Begitu pesawat landing Yunita langsung meminta ijin pada bosnya untuk mengambil baju ganti yang dibawa oleh orang kepercayaan Robet. Yunita harus berlari karena mengejar waktu. Yunita tak ingin melakukan kesalahan sedikitpun.
Untungnya dia terbiasa dengan ini, tak sulit baginya untuk berlari ketempat tujuanya, highheels tingginya tak mampu menghalanginya. Sayangnya bos galak nya terlihat sengaja membuat Yunita jengkel. Mengganti pakaianya dengan sengaja dilama lamain, agar dia telat di rapat tersebut. Dan pastinya akan ada alasan untuk memarahinya.

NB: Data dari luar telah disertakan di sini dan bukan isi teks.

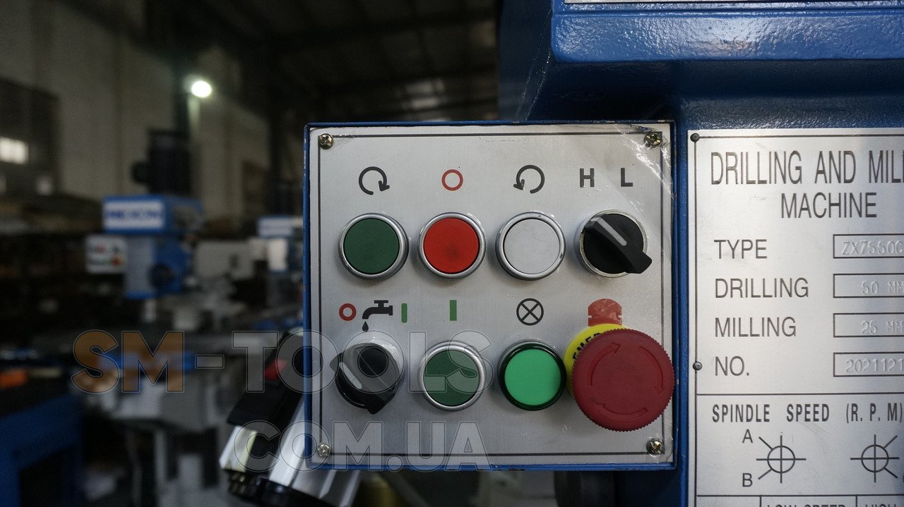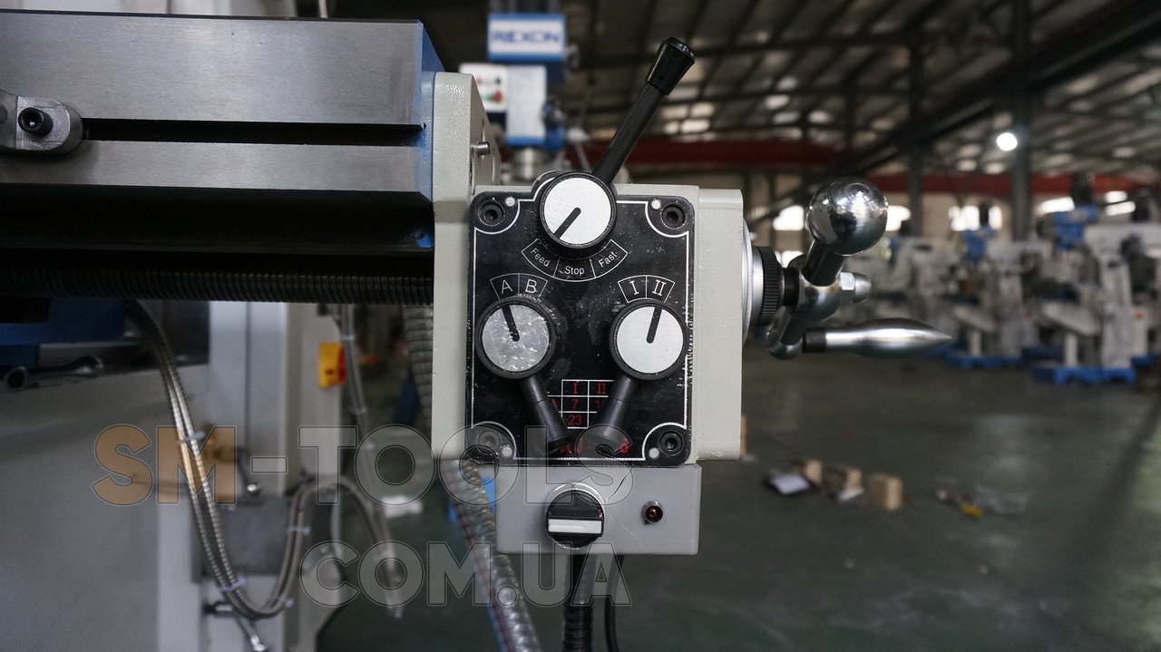Консольный фрезерный станок 9craft 7550V предназначен для вертикальной фрезеровки и сверления деталей. Вертикальная фрезерная голова имеет возможность поворота от 0 до +-45 градусов относительно оси вращения. Стол доступен в размерах 800х240мм и 1000х240мм. Также при заказе возможно оснастить данный станок функцией поворота стола. Рабочий стол имеет возможность автоподачи по оси Х, мощность двигателя автоподачи составляет 370 ватт. Мощность двигателя вертикальной фрезеровки составляет 1500 ватт. Напряжение питания 380 в. Данный станок является промышленной моделью и может использоваться в серийном и мелкосерийном производстве изделий из различных металлов и прочих материалов. Шпиндель вертикальной фрезеровки имеет 8 скоростей вращения, которые изменяются при помощи изменения передаточного числа в механической коробке передач. Рабочий свет и система подачи СОЖ входят в стандартную комплектацию. Характеристики: · КМ4 конус шпинделя · 70-420 мм – расстояние от шпинделя до стола · 115-1750 об/мин - скорость вращения шпинделя вертикальной фрезеровки · 120 мм – ход шпинделя · 50 мм – максимальный диаметр сверления при автоподаче · ±45° - наклон головы · 800х240 мм – размер стола (1000х240 мм опция) · 400 мм – продольный ход стола · 230 мм – поперечный ход стола · 350 мм – вертикальный ход стола · 3 Т-паза стола · 14 мм – ширина Т-паза стола · 60 мм – расстояние между Т-пазами · 1500 ватт – мощность двигателя вертикальной фрезеровки · 370 ватт – мощность двигателя автоподачи по оси Х · 40 ватт – мощность двигателя насоса СОЖ · 12 л – Объем емкости бака СОЖ Срок производства – 30 дней Стандартная комплектация: · Сверлильный патрон · Фрезерный патрон · Линейка · Оправка · Переходная втулка · Горизонтальная фреза (22 + 27 мм) · Тиски 160мм · Гаечные ключи · Автоподача по оси Х · Система охлаждения · Масляный поддон · Галогенная рабочая лампа Дополнительная комплектация: · УЦИ · Защитный экран шпинделя · Тиски · Цанговый патрон и цанги · Автоподача по оси Y · Автоподача по оси Z · Рабочий стол увеличенного размера

"Awas saja nanti kalau terlambat marah marah," gerutu Yunita sambil menunggu di depan pintu toilet pria. Robet yang mendengar gerutuan Yunita malah memarahinya.
"Siapa kamu berani mengerutu di belakangku?" tanya Robet sambil memberikan baju bekas pakainya pada Yunita. Yunita tak menjawab, dia memilih merapikan baju bekas bos galaknya itu. Yunita tak perduli dengan omelan pria menyebalkan itu.
"Cepat jalan, atau aku naikan hutangmu," ancam Robet. Huuuff...sumpah dah kalau aku ga takut sama malakat udah ku tembak bener dirimu pak bos pak bos, gerutu Yunita dalam hati.
Yunita memasukan baju bekas pakai itu ke dalam paperbag yang dia tenteng dari tadi. Berlari mengejar pria gila yang mulai menunjukkan sikap menyebalkannya.
"Kuat kuat Yunita, kamu pasti bisa," ucap Yunita sambil memencet kunci mobil yang sudah siap di depan pintu lobi bandara.
Yunita membukakan pintu belakang untuk bosnya, sayangnya pria menjengkelkan itu tak mau.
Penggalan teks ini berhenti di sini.